It’s official. Beginning March 1, Becoming Independent, the nonprofit that serves some 1,110 developmentally disabled adults in the North Bay, is the proud new owner of what has been the A Street Gallery in Santa Rosa. A Street owner, artist Andrea Hibbard, has run her innovative gallery for a miraculous eight years and is ready to do something for herself for a change. “The thought was that I could retire and go back to my art studio and do some traveling and I wanted to take the momentum that we built here and shift it to something that was really important to me,” Hibbard says. “This will be a fusion gallery of artists in the main community coupled with artists in the mainstream working together.”
A Street has long made it a tradition to host an annual exhibit by the BI artists, who have an extensive art facility at the nonprofit’s home campus and an innovative Art Works program there that Hibbard helped to launch and which is coordinated by former Arts Council executive director Barbara Harris. Hibbard feels assured that this will be a postive step for the entire community. “I’ll still be on the advisory board and advise them on installation. We don’t want to drop our aesthetic ball. We will make sure that this continues to be a great space to visit.”“Outsider art,” that which is created by artists with no formal training, is enjoying a vogue. Viewers find themselves captivated by the honesty portrayed in work done by the developmentally disabled. The Sonoma Valley Museum of Art last year held a superb exhibit of such work.

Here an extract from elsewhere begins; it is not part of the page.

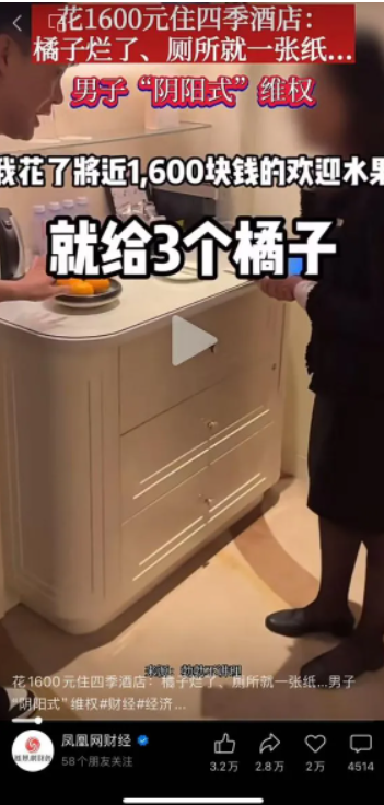 比如前段时间,有博主阴阳式维权,称自己花了1600块住四季酒店,欢迎水果就给3个不新鲜的橘子,厕所就一张纸......
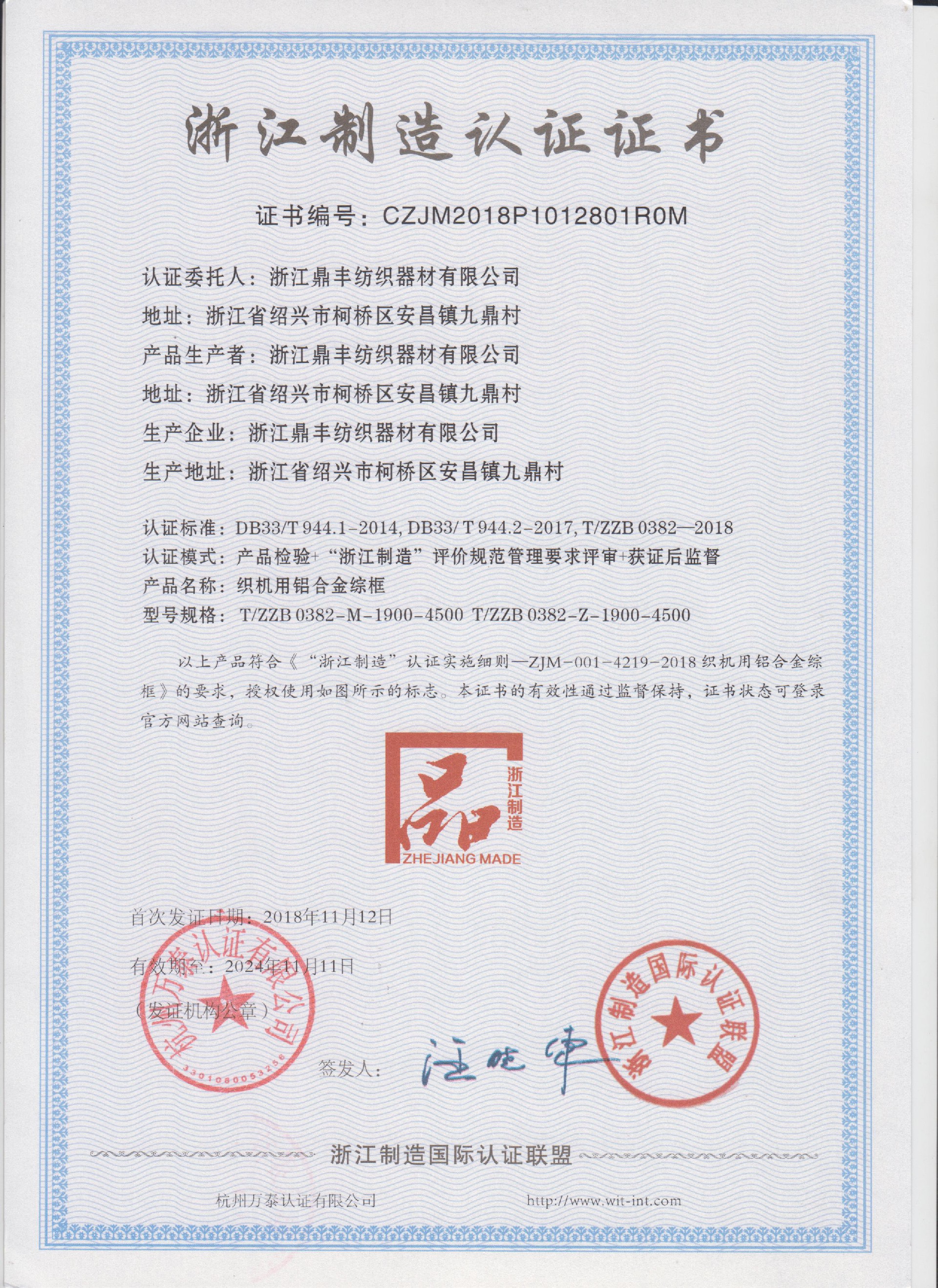 1、貴公司是一家專業(yè)生產(chǎn)各類無梭織機鋁合金鋼筘、綜框、鋼片綜、停經(jīng)片、經(jīng)軸、織軸和卷布輥等產(chǎn)品及配件的民營企業(yè)。公司成立30多年迅速發(fā)展、占領市場的秘決是什么?余定雅:是高品質的產(chǎn)品,完善的售后服務和大規(guī)模的生產(chǎn)能力保證了浙江鼎豐紡織器材有限公司的產(chǎn)品銷售量在國內(nèi)獨占鰲頭。為了與全球市場經(jīng)濟接軌,鼎豐紡

Having a permanent public outlet for BI is a dream come true for Hibbard. “We do a lot of editing in our lives,” she says. “They’re more able to be free of critics and desires—for critics, for fame, for attention—even thought the artists really enjoy when they sell. They’re not trapped. There is a kind of a freedom, and in some ways, they’re mentors.”
The gallery is yet unnamed and will open to the public on April 19. As for Hibbard, it’s the best of both worlds. “People think that it’s generous, but it’s really quite selfish,” she laughs happily. “This is the bomb for me.”